EXERCISE REQUIREMENTS
Throughout the material below, count the lines that include the string "brød", then report only the resulting number.

EXERCISE MATERIALS
_ _ _ _ _ _ _
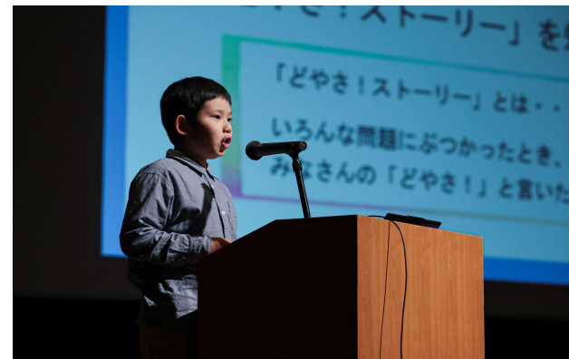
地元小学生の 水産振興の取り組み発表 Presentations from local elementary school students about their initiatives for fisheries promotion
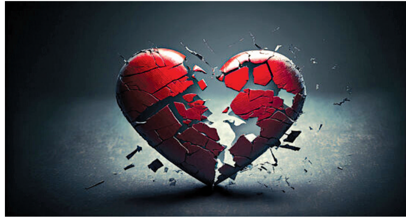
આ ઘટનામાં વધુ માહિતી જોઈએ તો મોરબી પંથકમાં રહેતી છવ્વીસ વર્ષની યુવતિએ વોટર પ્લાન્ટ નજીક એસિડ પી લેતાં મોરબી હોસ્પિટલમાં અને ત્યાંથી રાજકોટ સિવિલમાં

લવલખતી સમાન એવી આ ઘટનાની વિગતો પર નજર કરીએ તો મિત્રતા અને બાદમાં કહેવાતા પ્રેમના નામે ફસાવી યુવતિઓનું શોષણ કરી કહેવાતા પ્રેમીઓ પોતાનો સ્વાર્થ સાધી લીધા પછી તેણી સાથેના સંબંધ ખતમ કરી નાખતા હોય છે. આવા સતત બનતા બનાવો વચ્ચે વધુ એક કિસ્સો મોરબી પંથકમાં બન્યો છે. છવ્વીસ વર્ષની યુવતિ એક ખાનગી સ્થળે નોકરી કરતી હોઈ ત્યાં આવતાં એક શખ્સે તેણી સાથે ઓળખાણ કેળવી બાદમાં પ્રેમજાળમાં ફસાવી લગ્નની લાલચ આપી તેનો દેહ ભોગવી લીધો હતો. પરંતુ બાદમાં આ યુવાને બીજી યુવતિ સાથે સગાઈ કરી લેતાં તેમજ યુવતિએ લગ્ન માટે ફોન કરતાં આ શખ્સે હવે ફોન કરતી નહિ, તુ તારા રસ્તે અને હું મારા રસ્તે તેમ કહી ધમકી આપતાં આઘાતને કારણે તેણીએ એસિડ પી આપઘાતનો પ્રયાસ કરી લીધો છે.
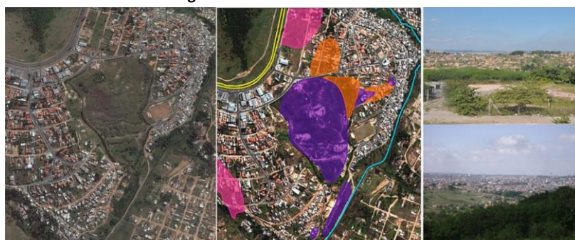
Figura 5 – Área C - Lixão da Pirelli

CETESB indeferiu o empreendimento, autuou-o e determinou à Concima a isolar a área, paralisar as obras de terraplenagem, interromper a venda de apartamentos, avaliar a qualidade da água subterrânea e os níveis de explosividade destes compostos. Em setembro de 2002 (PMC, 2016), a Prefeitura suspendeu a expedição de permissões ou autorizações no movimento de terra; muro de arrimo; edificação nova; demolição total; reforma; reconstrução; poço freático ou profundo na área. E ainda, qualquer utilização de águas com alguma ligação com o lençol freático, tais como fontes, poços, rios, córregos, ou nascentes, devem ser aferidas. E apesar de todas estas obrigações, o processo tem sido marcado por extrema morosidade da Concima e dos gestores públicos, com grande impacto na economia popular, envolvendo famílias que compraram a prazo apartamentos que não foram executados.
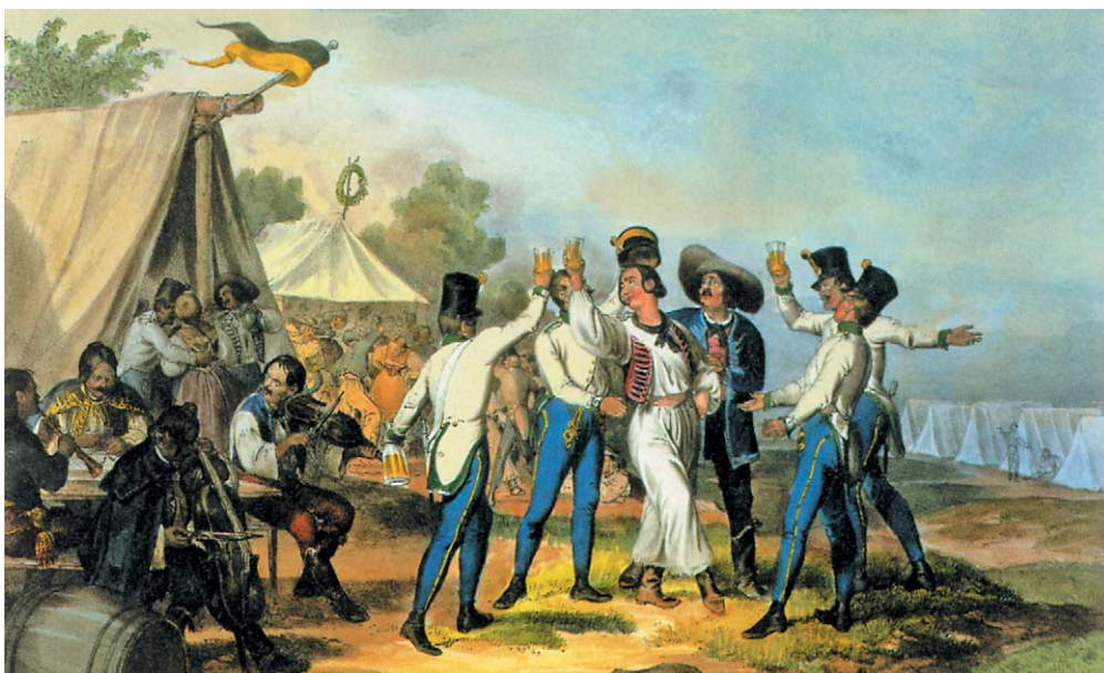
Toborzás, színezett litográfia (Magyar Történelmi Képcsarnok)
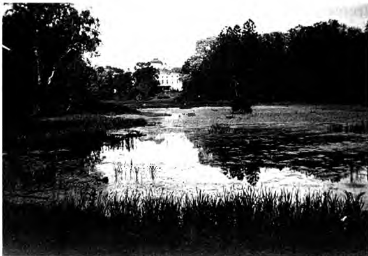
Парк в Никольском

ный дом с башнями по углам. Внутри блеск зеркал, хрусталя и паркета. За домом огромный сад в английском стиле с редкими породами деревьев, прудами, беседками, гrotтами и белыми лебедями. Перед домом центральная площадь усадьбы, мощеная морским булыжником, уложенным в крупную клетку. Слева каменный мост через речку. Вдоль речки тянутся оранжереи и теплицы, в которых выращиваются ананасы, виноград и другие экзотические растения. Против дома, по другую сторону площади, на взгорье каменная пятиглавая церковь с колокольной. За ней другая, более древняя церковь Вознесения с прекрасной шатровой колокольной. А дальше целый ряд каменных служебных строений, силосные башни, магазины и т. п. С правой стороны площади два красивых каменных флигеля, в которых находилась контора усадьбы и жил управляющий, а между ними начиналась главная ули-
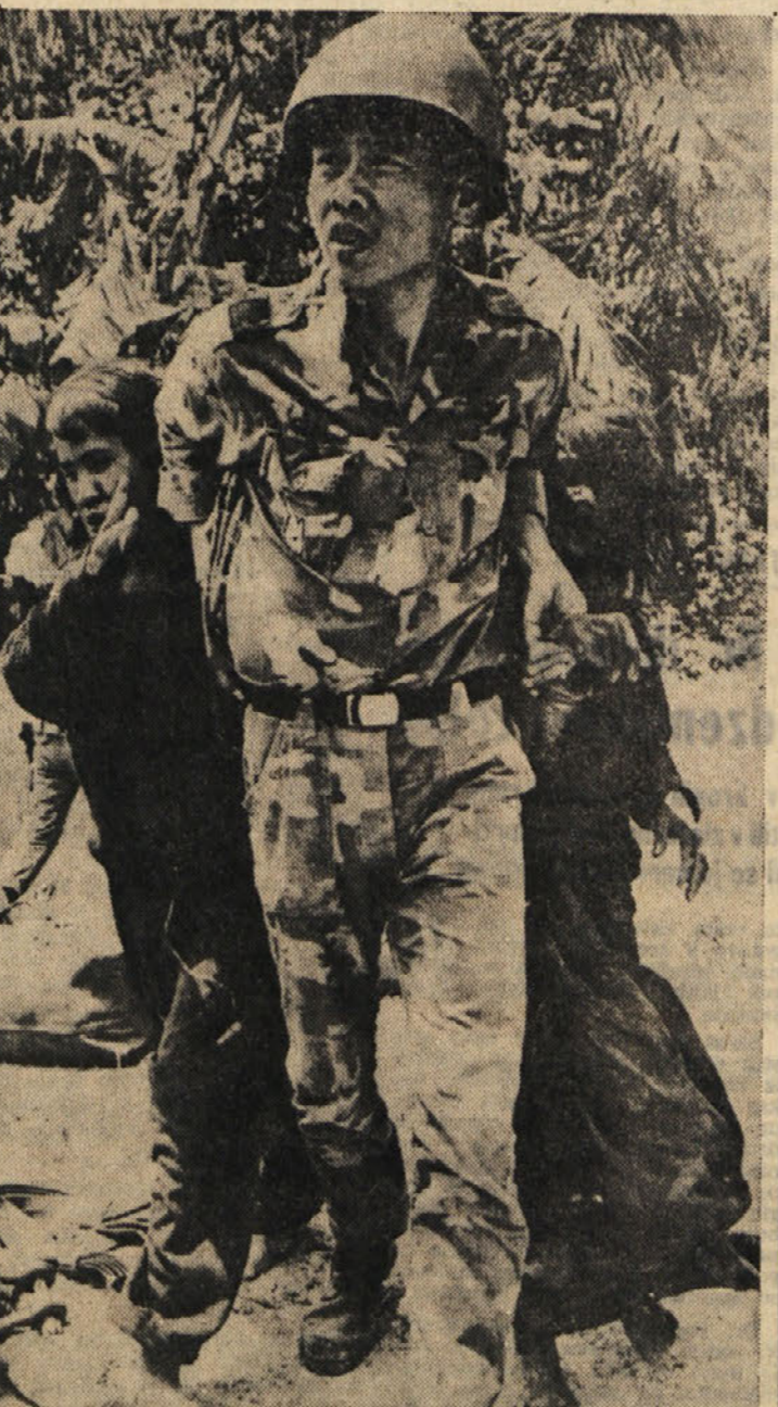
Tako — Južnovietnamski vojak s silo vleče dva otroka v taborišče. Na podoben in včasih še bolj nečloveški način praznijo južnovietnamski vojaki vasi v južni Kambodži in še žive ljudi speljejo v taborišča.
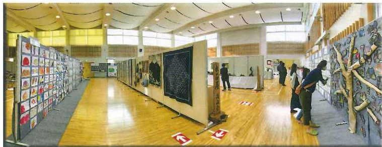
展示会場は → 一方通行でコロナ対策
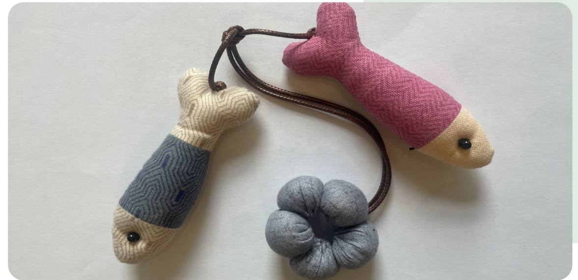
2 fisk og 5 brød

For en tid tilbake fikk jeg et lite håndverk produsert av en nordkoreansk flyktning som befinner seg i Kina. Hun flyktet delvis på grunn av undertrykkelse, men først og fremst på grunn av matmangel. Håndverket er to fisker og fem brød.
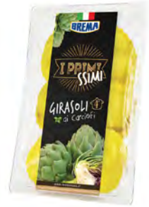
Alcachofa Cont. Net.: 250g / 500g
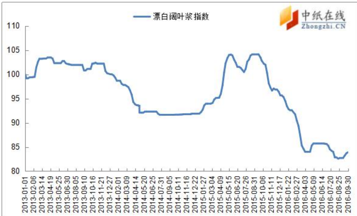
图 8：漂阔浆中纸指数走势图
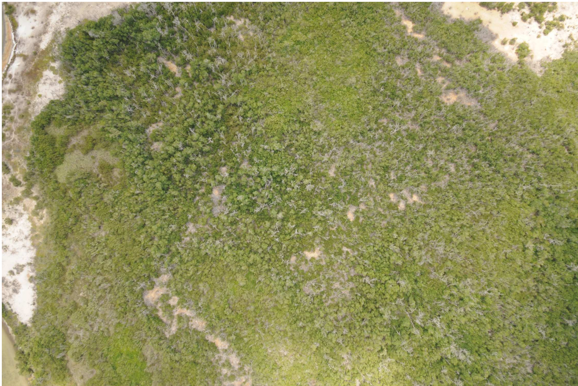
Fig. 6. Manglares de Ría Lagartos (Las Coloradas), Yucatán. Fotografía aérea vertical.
_ _ _ _ _ _ _
ANSWER SECTION
2